YOUR GOAL: Extract the line that contains "and separate toilet." and every line after it to the end of the records below, exactly as written and nothing else.

(Stored entries)

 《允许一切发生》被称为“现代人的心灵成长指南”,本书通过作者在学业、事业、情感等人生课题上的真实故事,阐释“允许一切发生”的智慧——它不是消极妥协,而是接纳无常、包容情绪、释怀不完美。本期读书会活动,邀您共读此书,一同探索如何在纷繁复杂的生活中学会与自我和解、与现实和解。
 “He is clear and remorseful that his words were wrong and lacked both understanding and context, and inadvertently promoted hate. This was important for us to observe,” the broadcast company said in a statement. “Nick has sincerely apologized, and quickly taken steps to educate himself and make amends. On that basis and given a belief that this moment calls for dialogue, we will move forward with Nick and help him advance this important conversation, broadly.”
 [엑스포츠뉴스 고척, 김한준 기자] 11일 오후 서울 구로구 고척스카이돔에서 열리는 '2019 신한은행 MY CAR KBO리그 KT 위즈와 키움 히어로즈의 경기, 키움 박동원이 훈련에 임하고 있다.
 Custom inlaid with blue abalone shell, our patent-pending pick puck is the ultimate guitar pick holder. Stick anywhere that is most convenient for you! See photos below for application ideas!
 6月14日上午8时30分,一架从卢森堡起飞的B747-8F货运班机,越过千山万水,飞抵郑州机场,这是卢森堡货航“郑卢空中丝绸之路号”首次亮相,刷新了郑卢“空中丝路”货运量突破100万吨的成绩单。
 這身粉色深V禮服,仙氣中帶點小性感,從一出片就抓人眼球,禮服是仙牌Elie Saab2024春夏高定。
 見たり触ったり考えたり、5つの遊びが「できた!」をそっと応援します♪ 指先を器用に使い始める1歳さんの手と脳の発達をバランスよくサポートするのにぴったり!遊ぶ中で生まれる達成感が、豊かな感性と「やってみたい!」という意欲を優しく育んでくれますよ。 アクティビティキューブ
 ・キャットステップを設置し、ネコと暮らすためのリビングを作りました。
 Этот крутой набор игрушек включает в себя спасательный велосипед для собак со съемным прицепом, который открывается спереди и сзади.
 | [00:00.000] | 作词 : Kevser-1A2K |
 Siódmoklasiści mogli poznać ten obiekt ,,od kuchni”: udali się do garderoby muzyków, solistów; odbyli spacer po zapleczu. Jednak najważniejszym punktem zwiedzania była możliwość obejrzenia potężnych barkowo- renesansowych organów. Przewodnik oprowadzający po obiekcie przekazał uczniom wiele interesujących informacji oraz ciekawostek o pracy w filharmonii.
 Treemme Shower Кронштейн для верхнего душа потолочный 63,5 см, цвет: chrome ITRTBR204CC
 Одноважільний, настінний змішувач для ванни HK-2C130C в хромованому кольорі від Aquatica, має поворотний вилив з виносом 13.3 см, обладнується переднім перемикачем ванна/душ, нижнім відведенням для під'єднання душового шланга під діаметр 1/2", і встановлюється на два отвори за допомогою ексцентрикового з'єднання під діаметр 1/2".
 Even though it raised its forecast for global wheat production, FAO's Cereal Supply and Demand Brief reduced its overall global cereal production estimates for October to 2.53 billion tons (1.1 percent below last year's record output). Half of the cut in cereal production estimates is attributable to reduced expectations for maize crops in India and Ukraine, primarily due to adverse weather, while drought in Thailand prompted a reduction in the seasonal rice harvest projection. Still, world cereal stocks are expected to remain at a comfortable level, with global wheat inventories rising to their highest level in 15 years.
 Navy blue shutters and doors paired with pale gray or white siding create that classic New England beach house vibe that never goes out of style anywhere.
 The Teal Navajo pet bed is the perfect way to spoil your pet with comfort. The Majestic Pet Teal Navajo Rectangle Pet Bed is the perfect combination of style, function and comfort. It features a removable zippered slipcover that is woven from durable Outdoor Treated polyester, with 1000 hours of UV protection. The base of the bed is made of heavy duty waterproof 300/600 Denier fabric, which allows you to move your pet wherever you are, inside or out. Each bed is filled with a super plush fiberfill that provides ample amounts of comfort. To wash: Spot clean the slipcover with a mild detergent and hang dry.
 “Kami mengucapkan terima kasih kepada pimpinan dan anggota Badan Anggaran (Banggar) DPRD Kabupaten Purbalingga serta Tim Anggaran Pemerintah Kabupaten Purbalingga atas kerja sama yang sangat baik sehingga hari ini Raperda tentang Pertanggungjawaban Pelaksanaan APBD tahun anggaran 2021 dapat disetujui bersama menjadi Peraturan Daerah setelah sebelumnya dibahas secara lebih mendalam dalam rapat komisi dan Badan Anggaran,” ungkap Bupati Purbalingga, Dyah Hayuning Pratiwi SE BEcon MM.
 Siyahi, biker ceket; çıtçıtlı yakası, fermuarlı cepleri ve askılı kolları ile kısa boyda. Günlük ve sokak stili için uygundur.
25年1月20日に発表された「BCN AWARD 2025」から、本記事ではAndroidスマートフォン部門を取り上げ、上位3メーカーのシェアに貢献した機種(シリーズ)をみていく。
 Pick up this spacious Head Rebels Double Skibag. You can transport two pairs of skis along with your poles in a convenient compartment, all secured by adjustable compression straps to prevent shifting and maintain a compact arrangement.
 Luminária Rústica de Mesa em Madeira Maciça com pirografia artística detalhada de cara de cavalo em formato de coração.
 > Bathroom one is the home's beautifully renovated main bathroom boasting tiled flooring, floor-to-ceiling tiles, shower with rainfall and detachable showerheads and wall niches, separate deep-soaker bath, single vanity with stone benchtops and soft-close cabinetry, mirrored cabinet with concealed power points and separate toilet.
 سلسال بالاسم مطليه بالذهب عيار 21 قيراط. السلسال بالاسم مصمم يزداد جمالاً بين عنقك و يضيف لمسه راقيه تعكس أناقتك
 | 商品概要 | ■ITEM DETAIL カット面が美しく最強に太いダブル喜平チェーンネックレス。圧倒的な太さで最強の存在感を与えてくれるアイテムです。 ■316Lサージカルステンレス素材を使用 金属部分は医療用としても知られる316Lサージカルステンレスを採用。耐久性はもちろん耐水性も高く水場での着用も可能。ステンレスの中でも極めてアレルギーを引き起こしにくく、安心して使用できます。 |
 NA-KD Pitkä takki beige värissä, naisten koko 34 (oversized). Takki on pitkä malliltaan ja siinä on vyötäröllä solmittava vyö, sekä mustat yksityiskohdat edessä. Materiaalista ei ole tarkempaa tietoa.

RESPONSE TO THE TASK:
 > Bathroom one is the home's beautifully renovated main bathroom boasting tiled flooring, floor-to-ceiling tiles, shower with rainfall and detachable showerheads and wall niches, separate deep-soaker bath, single vanity with stone benchtops and soft-close cabinetry, mirrored cabinet with concealed power points and separate toilet.
 سلسال بالاسم مطليه بالذهب عيار 21 قيراط. السلسال بالاسم مصمم يزداد جمالاً بين عنقك و يضيف لمسه راقيه تعكس أناقتك
 | 商品概要 | ■ITEM DETAIL カット面が美しく最強に太いダブル喜平チェーンネックレス。圧倒的な太さで最強の存在感を与えてくれるアイテムです。 ■316Lサージカルステンレス素材を使用 金属部分は医療用としても知られる316Lサージカルステンレスを採用。耐久性はもちろん耐水性も高く水場での着用も可能。ステンレスの中でも極めてアレルギーを引き起こしにくく、安心して使用できます。 |
 NA-KD Pitkä takki beige värissä, naisten koko 34 (oversized). Takki on pitkä malliltaan ja siinä on vyötäröllä solmittava vyö, sekä mustat yksityiskohdat edessä. Materiaalista ei ole tarkempaa tietoa.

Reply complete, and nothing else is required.